Гудвин ползал на четвереньках, обшаривая пещеру. Он с трудом дышал средь всей этой пыли и праха. Огромная скала над сводами пещеры, казалось, медленно опускается, грозясь похоронить его в своей утробе. Он будто снова очутился в мрачной камере французской темницы. Пот тёк с него ручьями, руки дрожали, но он пересилил себя, оставшись внутри. Ему нужен был предмет, который снова приведёт сюда девчонку, только на этот раз одну. Но в тусклом свете сложно было что-то разглядеть. Что послужит ей посланием? Глиняный черепок? Нет, этого явно недостаточно.
Его нога скользнула по грязи, и он услышал скрежет, задев подошвой сандалии что-то сзади. Неуклюже обернувшись, он увидел, что сдвинул небольшую каменную плиту, и что-то блеснуло под ней в сумраке пещеры. Он сунул руку в маленькую нишу. Там, в гнезде из пепла, среди янтарных бусин и медвежьих когтей лежал амулет в виде золотой головы вепря, усеянной гранатами.
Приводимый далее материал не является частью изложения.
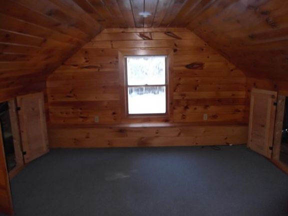 (1728) - 4 room, 2 bedroom, 1 bath house with 1208 feet of living space. Open concept kitchen/living room. Woodstove in the living room, finished second floor with knotty pine on the walls and ceiling. Plenty of storage for the toys between the drive thru garage and storage sheds.
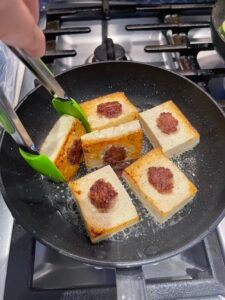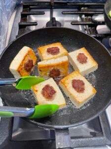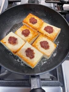 預熱易潔鑊或不鏽鋼鑊,加少許油。將釀豆腐以「肉向下」放入鑊中,以中火煎約3-4分鐘,至金黃色。翻轉後再煎另一面。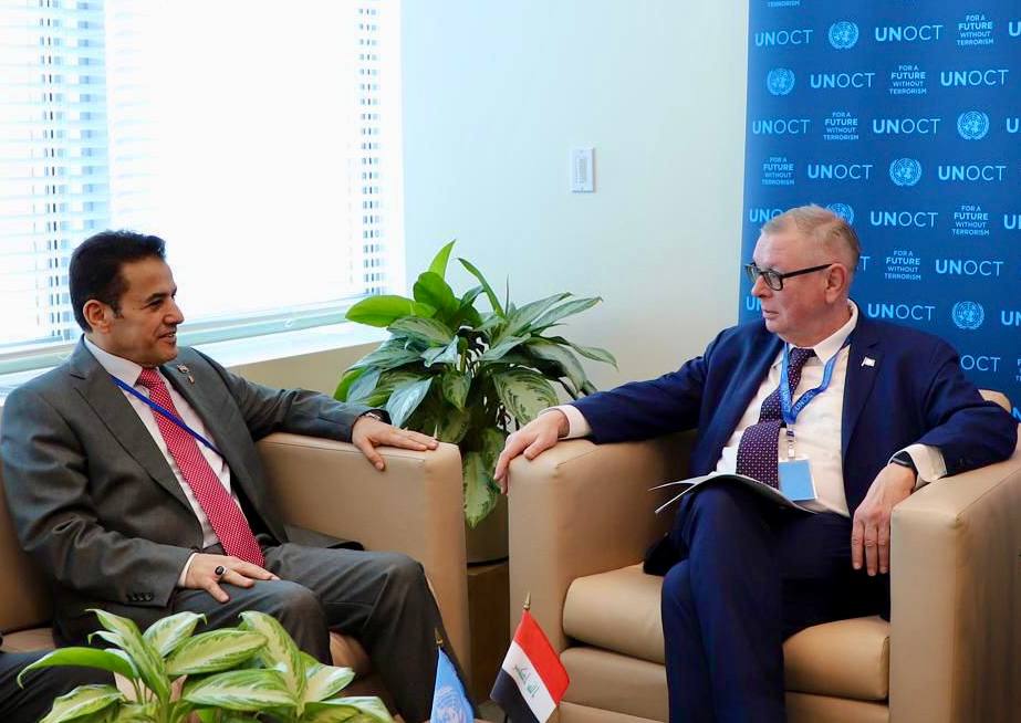 بحث مستشار الأمن القومي، قاسم الأعرجي في نيويورك، مع وكيل الأمين العام للأمم المتحدة لمكافحة الإرهاب الكسندر زويف التعاون المشترك في مكافحة الإرهاب.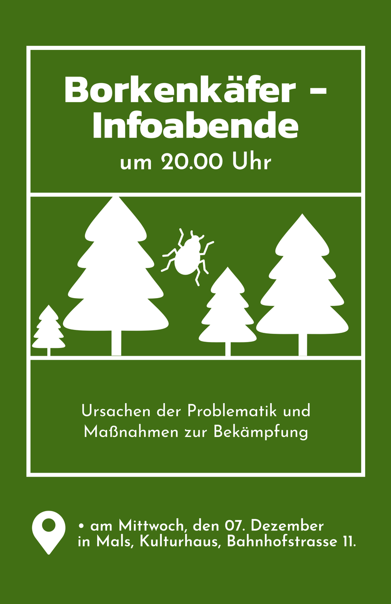 Aufgrund der großen Nachfrage wird es weitere Veranstaltung zum Borkenkäfer im Obervinschgau geben: Der Infoabend findet bei freiem Eintritt am Mittwoch, 7. Dezember 2022 mit Beginn um 20 Uhr in Mals, Kulturhaus, Bahnhofstrasse 11 statt.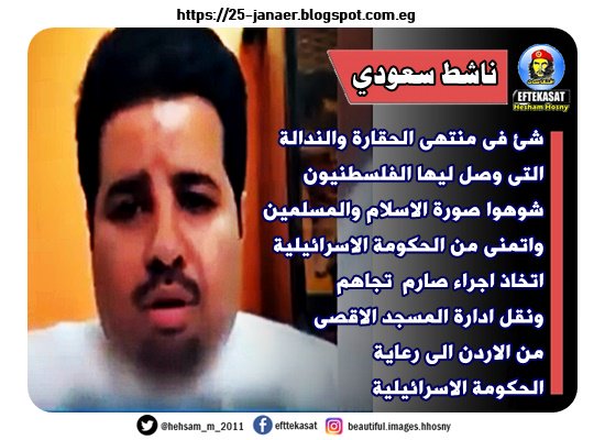 عار العار السعودى هذا ما قاله ناشط سعودي في حديثه لقناة عبرية -=- شئ فى منتهى الحقارة والندالة التى وصل ليها الفلسطنيون شوهوا صورة الاسلام والمسلمين واتمنى من الحكومة الاسرائيلية اتخاذ اجراء صارم تجاهم ونقل ادارة المسجد الاقصى من الاردن الى رعاية الحكومة الاسرائيلية
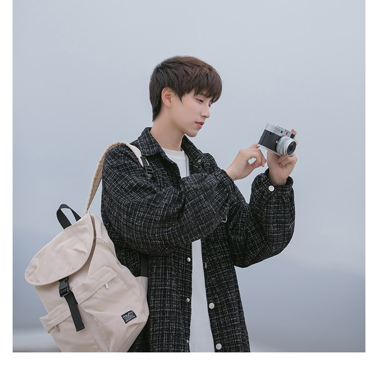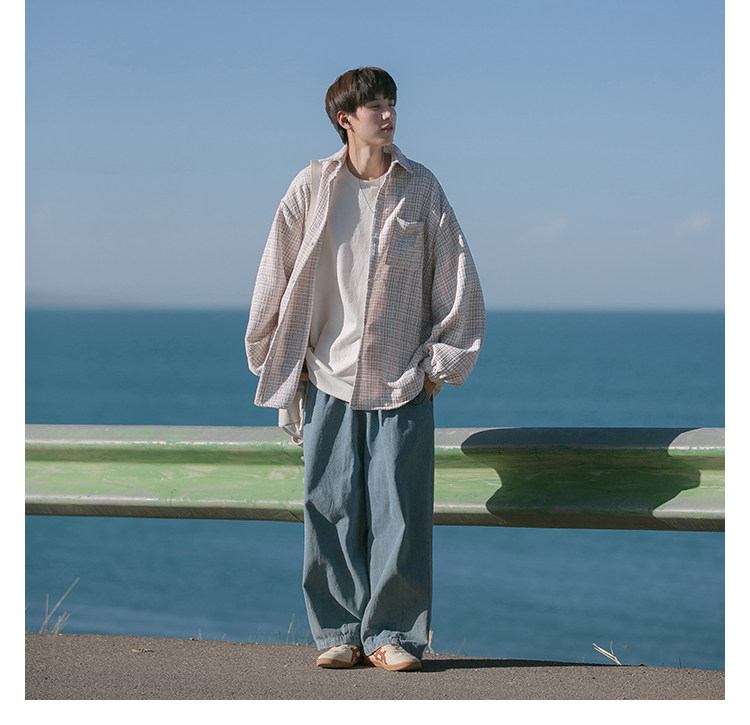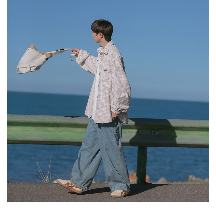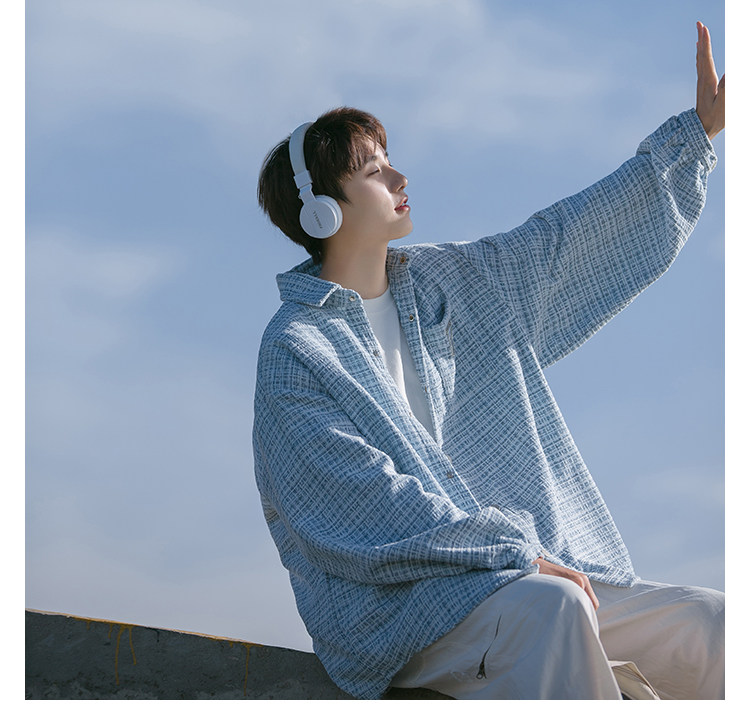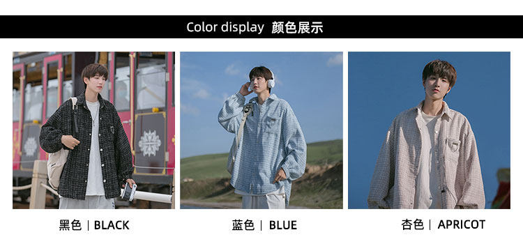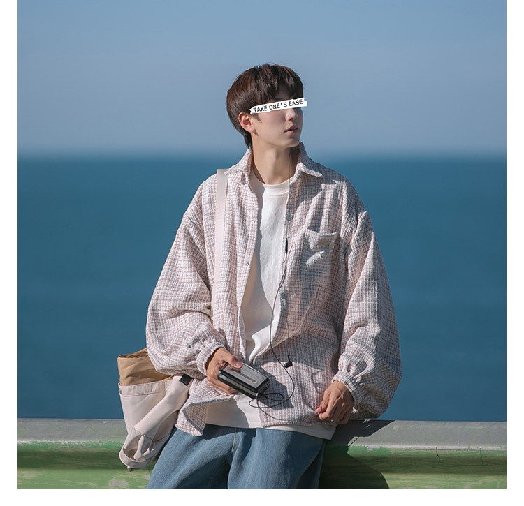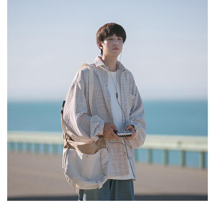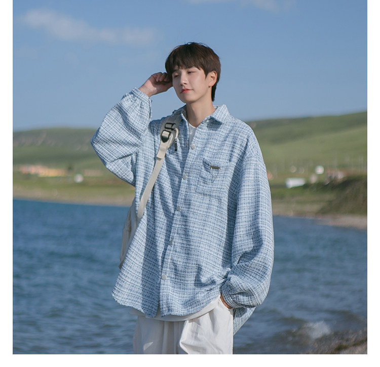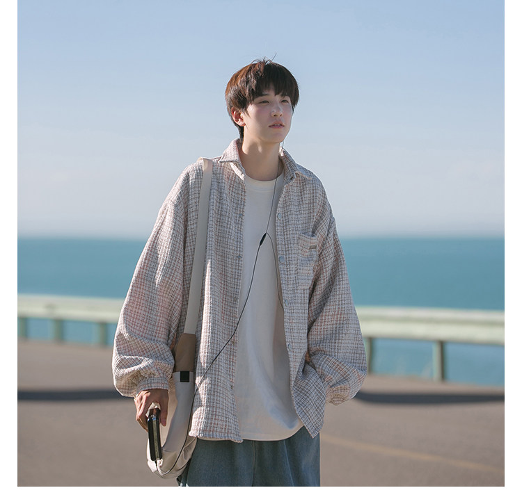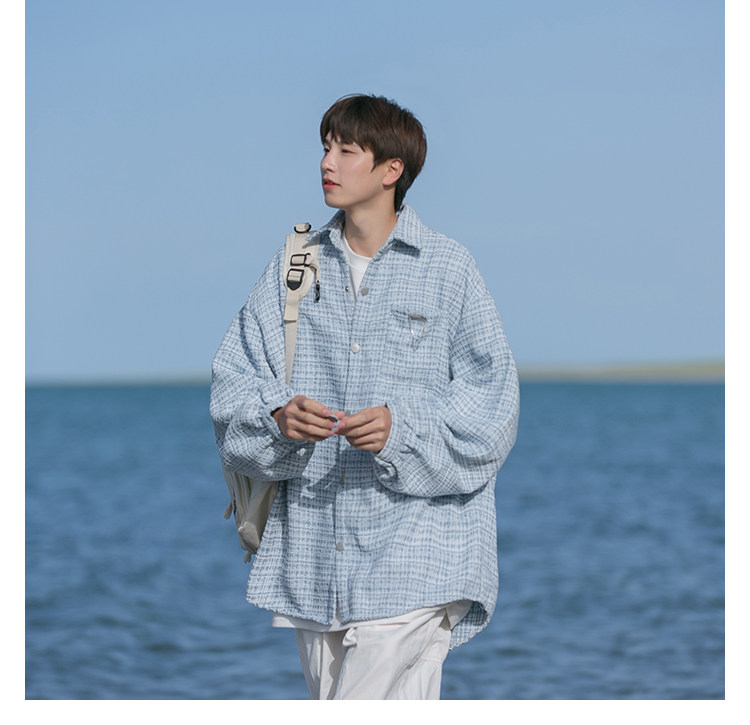 高级小香风衬衫男士春秋潮牌宽松青少年长袖衬衣美式复古痞帅外套

Горло Гудвина пересохло, как разбросанные вокруг обуглившиеся кости, но растрескавшиеся губы сложились в улыбку, когда он победоносно зажал золотого вепря в кулаке, запечатлев на нём страстный поцелуй. Твои дни сочтены, ведьма!
Глава 69
Если крещёный прикоснётся к ведьме рябиновой веткой, то дьявол утащит её в ад, когда в следующий раз, явится искать себе жертву.
Госпожа Кэтлин
Я ждала его в башне, хоть и поклялась, что больше не вернусь в это грязное место. Выскользнуть из города ночью, не привлекая внимания стражников, после восстания стало почти невозможно.
Город маячил за моей спиной огнями пылающих факелов, озаряя мутно-оранжевым и горчичным светом тёмные улицы. Передо мной у подножия башни мерцали тёмно-красные огни Бутверка, отбрасывая лишь искажённые тени причудливых существ, шныряющих меж ними, словно чудовищные летучие мыши. Отголоски смеха, воплей, а то и страданий поднимались вверх вместе с вонючим дымом костров. Но кто смеётся, кричит и плачет там во мраке, знали лишь жители этих трущоб.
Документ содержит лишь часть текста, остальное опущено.